10. Find the LCM of the following numbers:
(a) 9 and 4
(b) 12 and 5
(c) 6 and 5
(d) 15 and 4
Observe a common property in the obtained ’ LCMs. Is LCM the product of two numbers in each case?
Ans :
- Prime factorize each number:
- (a) 9 = 3 * 3
- (b) 12 = 2 * 2 * 3
- (c) 6 = 2 * 3
- (d) 15 = 3 * 5
- Find the LCM for each case:
- (a) LCM(9, 4) = 2 * 3 * 3 = 36
- (b) LCM(12, 5) = 2 * 2 * 3 * 5 = 60
- (c) LCM(6, 5) = 2 * 3 * 5 = 30
- (d) LCM(15, 4) = 2 * 2 * 3 * 5 = 60
11. Find the LCM of the following numbers in which one number is the factor of the other.
(a) 5, 20
(b) 6, 18
(c) 12, 48
(d) 9, 45
What do you observe in the results obtained?
Ans :
We can find the Least Common Multiple (LCM) for the following cases where one number is a factor of the other:
(a) 5 and 20 (5 is a factor of 20)
(b) 6 and 18 (6 is a factor of 18)
(c) 12 and 48 (12 is a factor of 48)
(d) 9 and 45 (9 is a factor of 45)
Results:
(a) LCM(5, 20) = 20
(b) LCM(6, 18) = 18
(c) LCM(12, 48) = 48
(d) LCM(9, 45) = 45
NCERT Solutions for Class 6 Maths Chapter 3 Playing With Numbers
FAQ’s
What topics are covered in Class 6 Maths Chapter 3 Playing With Numbers?

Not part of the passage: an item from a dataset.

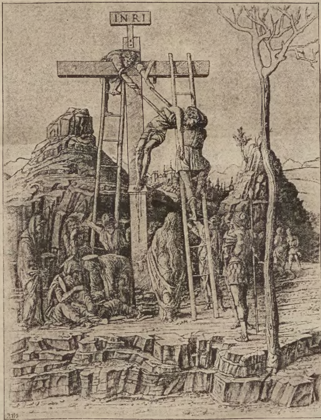
„ZDJĘCIE z KRZYŻA” podług obrazu Andrzeja Mantegnii, słynnego malarza włoskiego z XV. wieku. (1431 + 1506).

Class 6 Maths Chapter 3, “Playing with Numbers,” covers various topics such as number patterns, divisibility rules, factors, multiples, and more.
Why is it important to learn about playing with numbers?

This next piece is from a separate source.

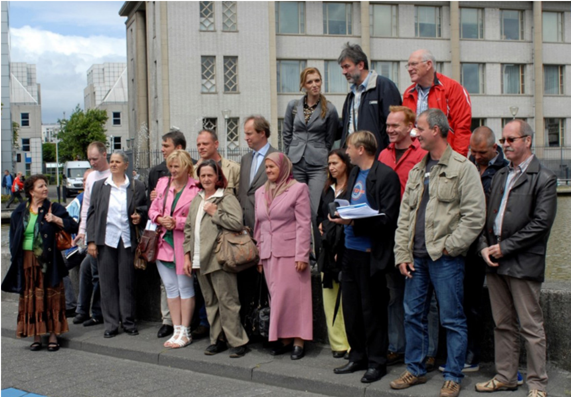
Afbeelding 11: PAX organiseerde in juni 2009 voor overlevenden en Dutchbatters een gezamenlijk bezoek aan het ICTY in Den Haag.

verantwoordelijk worden gehouden “voor de acties van hun soldaten tijdens vredesmissies”. 68 Ook vredesorganisatie PAX benoemde het baanbrekende juridische oordeel, en wees erop dat de eerdere stellingnames van Kok, Balkenende en andere politici met deze twee uitspraken van de Hoge Raad in feite onhoudbaar zijn geworden.

Learning about playing with numbers helps students develop problem-solving skills, understand number patterns, and apply divisibility rules, which are essential in various mathematical concepts.
How can I improve my skills in playing with numbers?
You can improve your skills in playing with numbers by practicing different types of problems, understanding the divisibility rules thoroughly, and exploring number patterns through regular practice.
Are there any real-life applications of playing with numbers?
Yes, playing with numbers has numerous real-life applications, such as in banking, cryptography, computer programming, and various other fields where number manipulation is required.
How can NCERT Solutions help in understanding Class 6 maths chapter 3 Playing With Numbers?
NCERT Solutions provide detailed explanations and step-by-step solutions to all the problems in Class 6 maths chapter 3 Playing With Numbers, helping students understand the concepts better and improve their problem-solving skills.